▶ **Provided data**
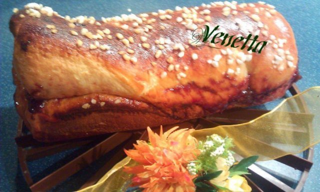 а другият е с пълнеж от мармалад от сини сливи и орехи. Не затворих добре краищата, и мармалада излезе навън, но въпреки това  козунака бухна много и съм доволна от резултата. Като го пипна е добре.
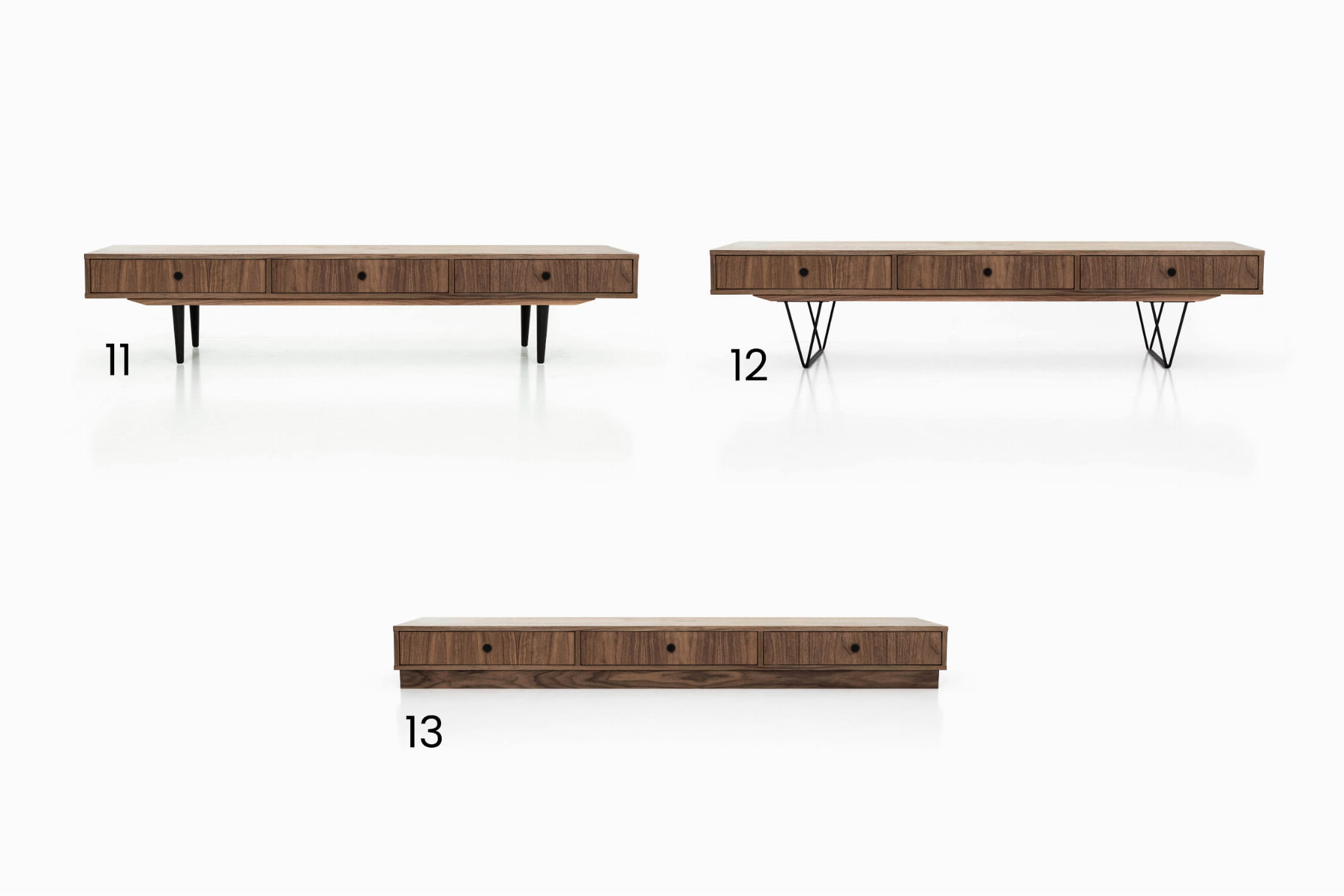Walnut lowboard 3 drawers - L01
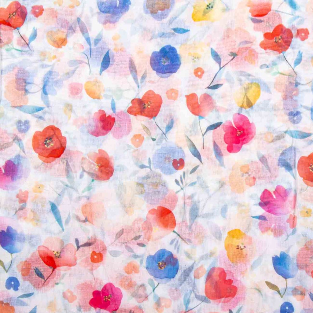 Ľahký a elegantný šál zdobený jemným kvetinovým motívom v akvarelovom veľmi sviežo a romanticky. Pastelové farebné odtiene dodávajú šál nežný vzhľad, ktorý krásne doplní {1 letné outfit. Vďaka kombinácii hodvábu a viskózy je materiál príjemne jemný, ľahký splývavý.
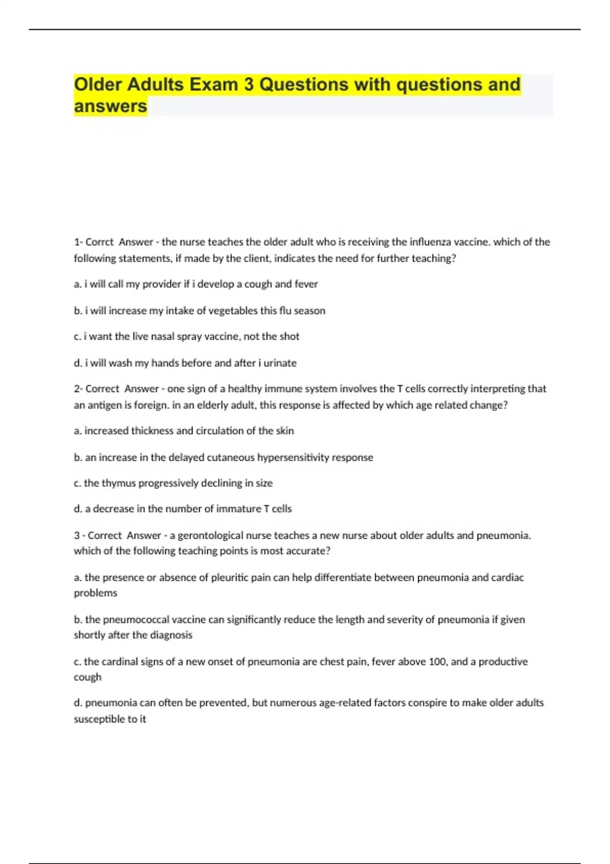 3 - Correct Answer - a gerontological nurse teaches a new nurse about older adults and pneumonia.

▶ **Work to complete**
Nothing but the lines from the one containing "Walnut lowboard 3 drawers - L01" through the one containing "Ľahký a elegantný" should appear, copied exactly from the material above and without pictures.

▶ **Result for this task**
Walnut lowboard 3 drawers - L01
 Ľahký a elegantný šál zdobený jemným kvetinovým motívom v akvarelovom veľmi sviežo a romanticky. Pastelové farebné odtiene dodávajú šál nežný vzhľad, ktorý krásne doplní {1 letné outfit. Vďaka kombinácii hodvábu a viskózy je materiál príjemne jemný, ľahký splývavý.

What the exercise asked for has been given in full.